What you have to do:
The required output is the exact run of lines in the listing below from the line holding "дальнего космоса |" through the line holding "图1. 宿主CCND3与SFTSV互作博弈的功能机制模型。", with no pictures.

Data provided:
►

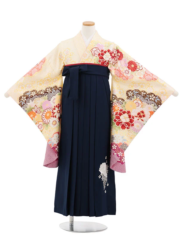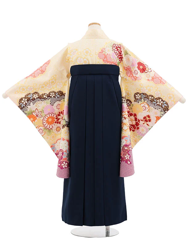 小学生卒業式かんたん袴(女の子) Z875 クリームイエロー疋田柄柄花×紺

◄
►

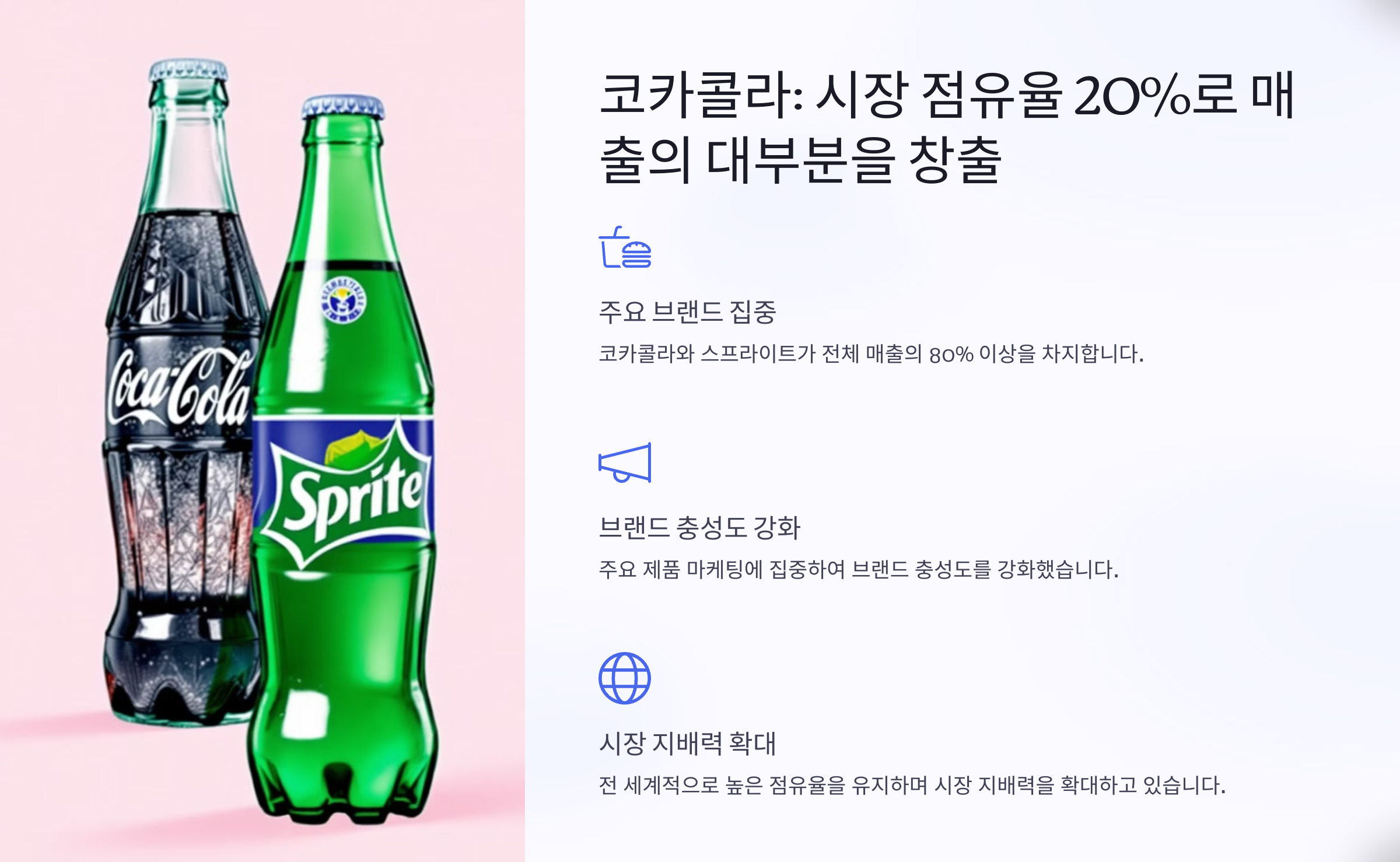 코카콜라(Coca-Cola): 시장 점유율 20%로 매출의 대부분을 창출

◄
►

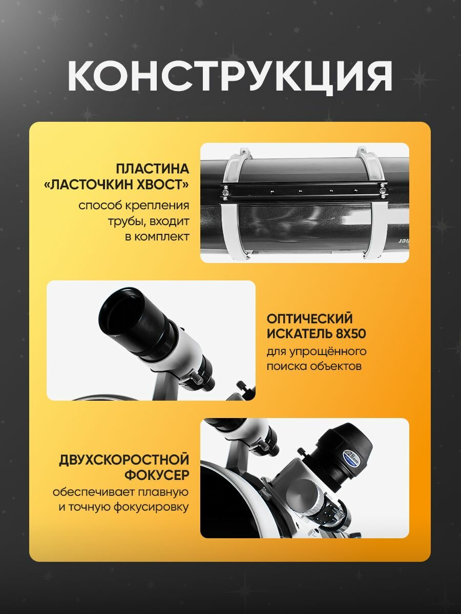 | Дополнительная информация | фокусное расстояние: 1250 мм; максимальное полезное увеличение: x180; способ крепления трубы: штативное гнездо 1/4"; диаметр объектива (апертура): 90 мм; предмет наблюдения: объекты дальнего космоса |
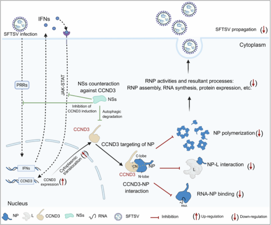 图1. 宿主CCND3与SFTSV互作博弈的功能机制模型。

◄

Response to this exercise:
 | Дополнительная информация | фокусное расстояние: 1250 мм; максимальное полезное увеличение: x180; способ крепления трубы: штативное гнездо 1/4"; диаметр объектива (апертура): 90 мм; предмет наблюдения: объекты дальнего космоса |
 图1. 宿主CCND3与SFTSV互作博弈的功能机制模型。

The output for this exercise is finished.